The light-flooded drawing room, filled with comfortable sofas and chairs, was piled high with periodicals and books rebound by Madeline Wyndham in her favoured vellum. There was no library, books were everywhere in the house, with a trolley for trundling them about.

At the drawing room’s far end stood Madeline’s ‘scrattle table’ – at which she sketched, and wrote, hands constantly moving even as ‘her mind was free, moving among her guests’.

The furniture was eighteenth-century Hepplewhite or Chippendale. On the walls – finally displayed to perfection – was the Wyndhams’ collection of many years: works by the Pre-Raphaelites; the Etruscan School; and Old Italian Masters. Over the main staircase hung Burne-Jones’s cartoon of the Ascension, depicting in glowing raw umber and gilt ‘the figure of Christ blessing those on Earth from above surrounded by the Arch-Angels’.

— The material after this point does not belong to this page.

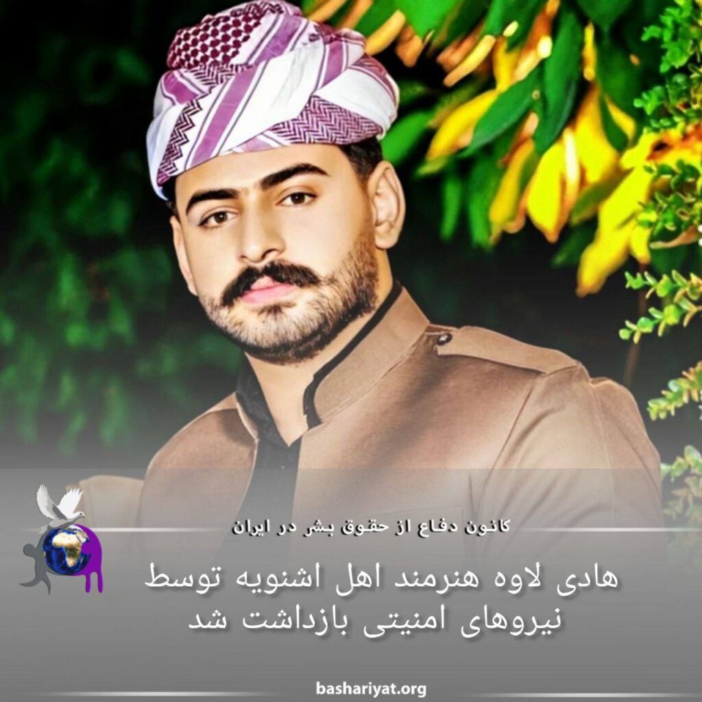 بامداد روز چهارشنبە ١٢ اردبیهشت ١٤٠٣ (١ می٢٠٢٤) #هادی_لاوە هنرمند جوان و اهل #اشنویە (شنو) توسط نیروهای حکومتی در این شهر بازداشت و بە مکان نامعلومی منتقل شد.

This might well have been the house depicted by Henry James in The Spoils of Poynton: ‘the record of a life … written in great syllables of colour and form, the tongues of other countries and the hands of rare artists … all France and Italy, with their ages composed to rest. For England you looked out of old windows – it was England that was the wide embrace.’

In every room cushioned baskets awaited Madeline’s pampered fleet of fox terriers; more than thirty peacocks and peahens strutted through the gardens. The South Terrace beyond the drawing room rang to the ‘wild satanic laughter’ of a pair of African jackasses;

fifty to sixty doves, which were fed in the Walnut Tree Court, flew freely about the rooms.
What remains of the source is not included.